And I thought it was interesting to talk about the use in satellites because today it is fully accepted and common, but I guess it was not very obvious at that time. The first satellites were battery-powered -Sputnik I was battery-powered. There is another source that uses a form of nuclear energy to power satellites. Using the radioactive decay of plutonium. But solar technology is the most common form. All satellites in orbit today use solar power.

The space station has the most power of what's in orbit right now on Earth, and that use came from 1958 and the laboratory conditions that were used at that time.


And already after that, we can go to the commercial applications on Earth, that we know today. We can start with some remote, off-grid communities. Then we can go to other commercial and residential applications. And from there, to the renewable boom we are experiencing now.

What is the origin of this boom? We can summarize it in two factors. First, social awareness. And secondly, economic viability. If we start by talking about social awareness, then we can say that the boom in renewable energies is not only about social awareness, but also about economic viability. If we start talking for social awareness. This started with the active fight against climate change with recurring sustainability issues, such as resource scarcity, environmental pollution, nuclear disasters, etc. And from this arose, for example, the first breakthrough at the political level, which is the famous Kyoto Protocol of years ago, and the subsequent Paris Agreement, which is the one currently in force.
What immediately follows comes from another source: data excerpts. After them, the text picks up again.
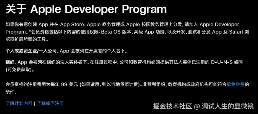 个人账号 | 99 美元/年 | 适合个人开发者 |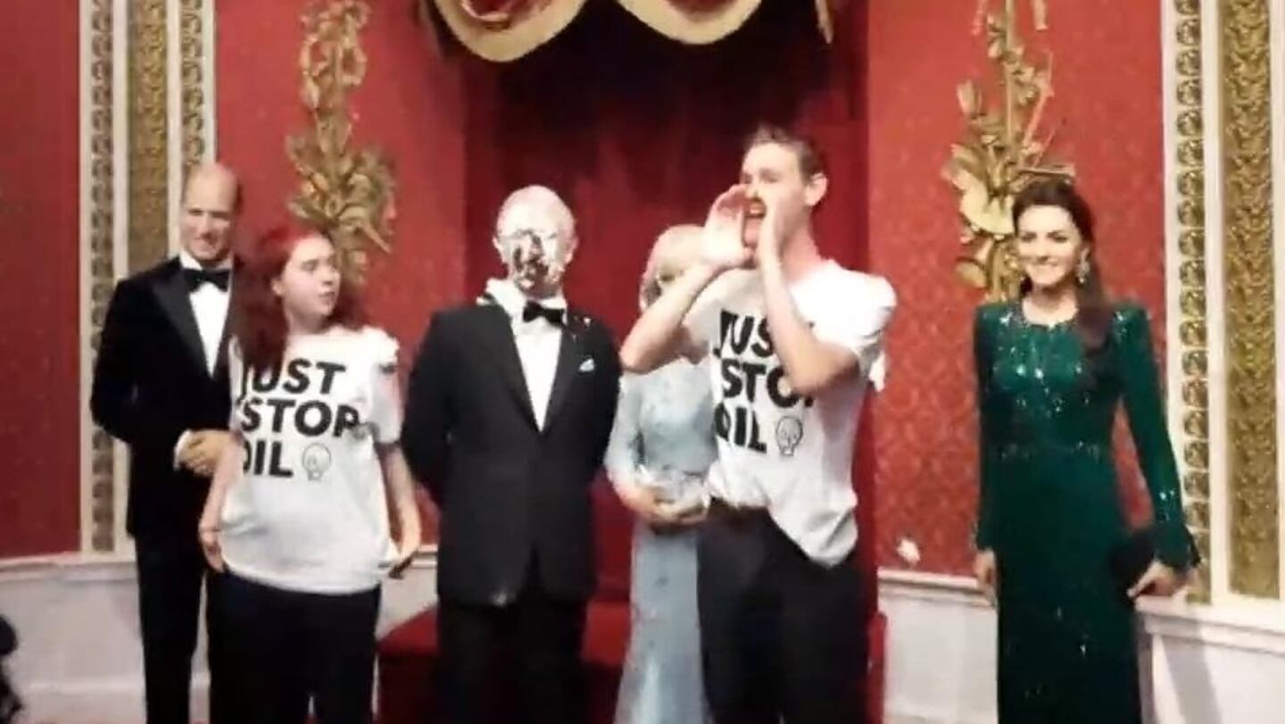 The environmental advocacy group “Just Stop Oil” took credit for the vandalism in a news release, saying two of its supporters covered the waxwork model of the king with chocolate cake as they demand that “the government halts all new oil and gas licenses and consents.”
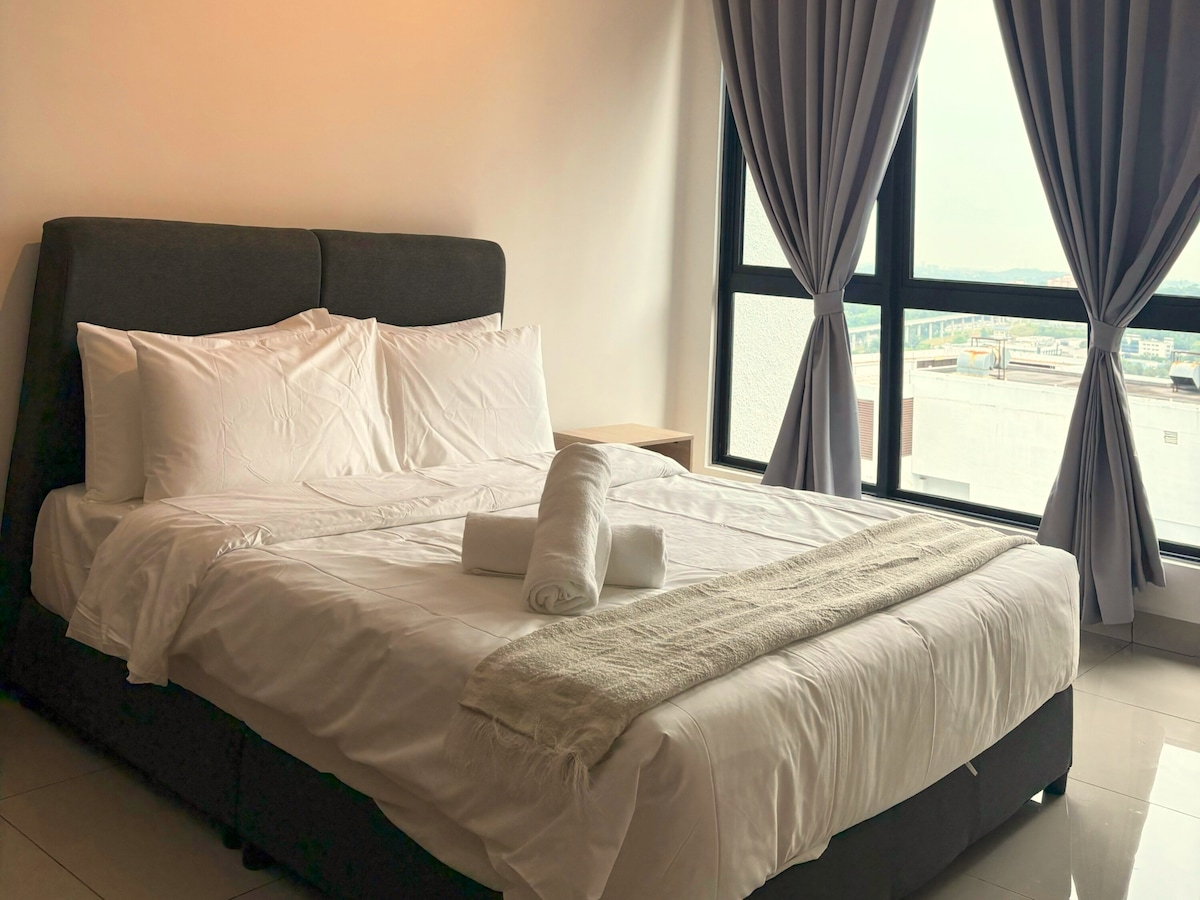 ⚠️ Nov 2025: Nossa piscina está fechada para manutenção. Experimente um sono feliz em camas confortáveis e na privacidade das Acappella Residences. Desfrute de internet de alta velocidade, smart tv, máquina de lavar roupa e uma cozinha totalmente equipada. Você também tem acesso a piscina, academia e parque infantil. Meu espaço tem um tapete de oração e telekung. Tenho o compromisso de manter um alto padrão de limpeza e fornecer sabonete, xampu, condicionador, secador de cabelo, ferro, filtro de água e lanches.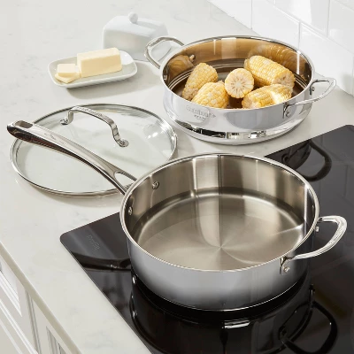 Elegant style meets multitasking practicality in this Cuisinart 3.5qt Steamer Set. This versatile set is made of premium stainless steel and is composed of a 3.5qt sauté pan with steamer insert and tight-fitting lid. The aluminum encapsulated base heats quickly and spreads heat evenly. Conveniently sauté and steam in one, and feel secure while handling your sauté pan with the comfortable Cool Grip™ stick handle. This set is the perfect way to cook healthier, delicious food with useful measurement markings for ease of use. You can prepare nutritious steamed vegetables or sauté flavorful poultry, fish and more. When you finish preparing your dish, you can place all pieces of the set in the dishwasher for easy cleaning.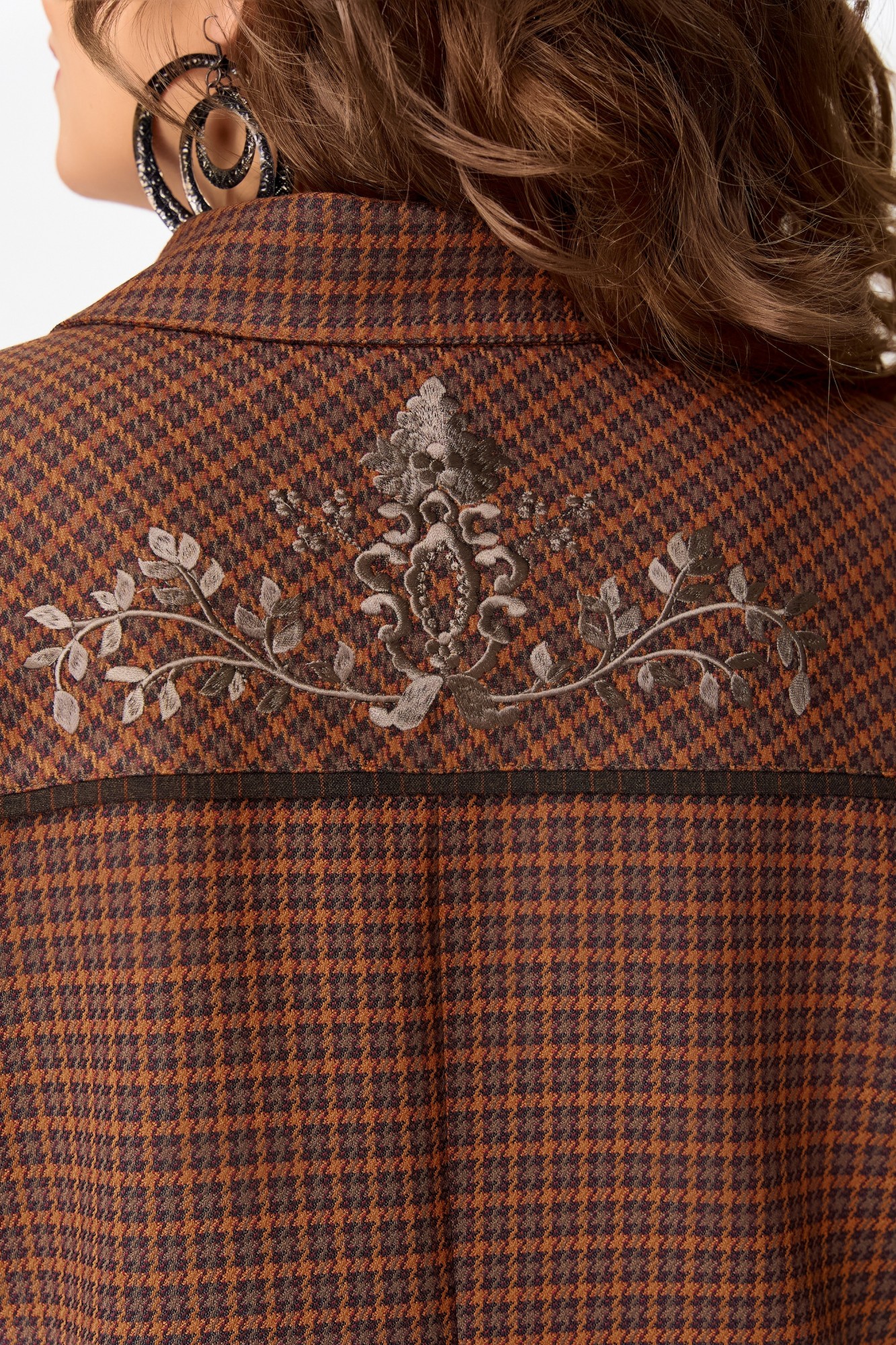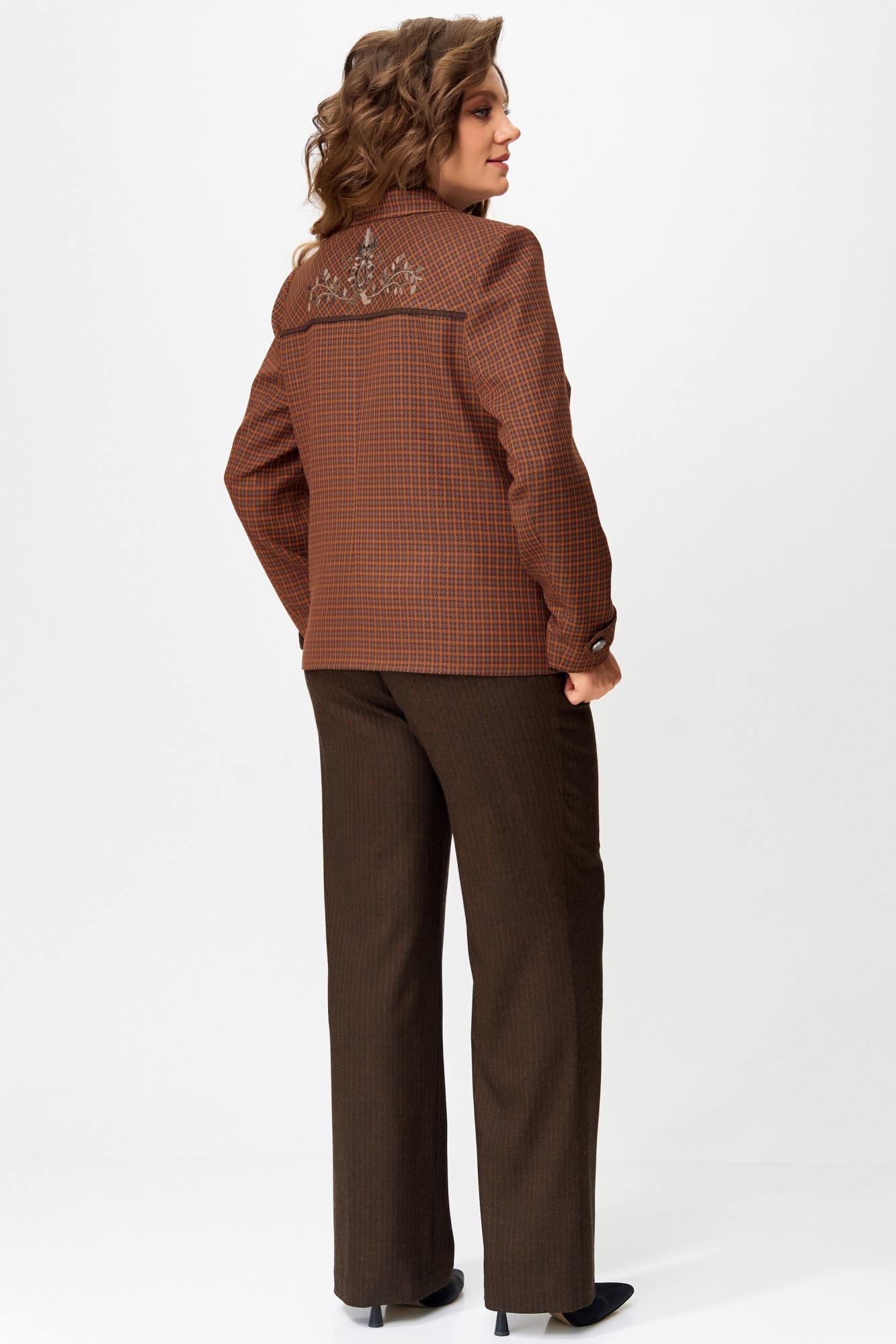 Жакет — как картина, написанная в клетку, где каждая линия — это штрих характера. Выполненный из текстильной ткани с подкладкой, он обнимает фигуру полуприлегающим силуэтом, подчеркивая осанку и уверенность. Однобортная застежка на петли и пуговицы — классическая, но с современным акцентом. Отложной воротник добавляет интеллигентности, а кокетка с декоративным кантом — изысканную графику, словно тонкая рамка на портрете. Нагрудная выточка и отрезной бочок формируют изящный рельеф, а накладные карманы с клапанами — функциональные и стильные, как детали винтажного чемодана. Спинка с кокеткой и средним швом — завершение композиции, где каждая строчка — как линия судьбы. Рукава — двухшовные, втачные, с декоративной патой на манжете — это штрих, который делает образ завершённым и продуманным.

However, although social conditioning was and still is the beginning of the renewable revolution, the real reason for the massive deployment of renewables, and especially solar energy, is economic viability. This is mainly due to falling prices. In just ten years, module prices have fallen by 80%. And that is where we can talk about this boom, especially in our specialty, which is solar energy.

Solar energy sectors breakdown


It's very interesting, of course.


So if you agree, what we are going to do now is to start talking a little bit about the difference between the different sectors of solar energy, such as residential, commercial and utility scale.


Great, so I'll start if you want. On the residential side, these are the projects that you can have in your house or the panels that you can install inside your house. They are self-consumption projects so that the houses themselves, because the energy they consume is produced by solar energy. Or even this currently with marketers that let you sell that surplus production if you do not consume it internally in your home, you can inject it back into the network and thus lower your electricity bill even more.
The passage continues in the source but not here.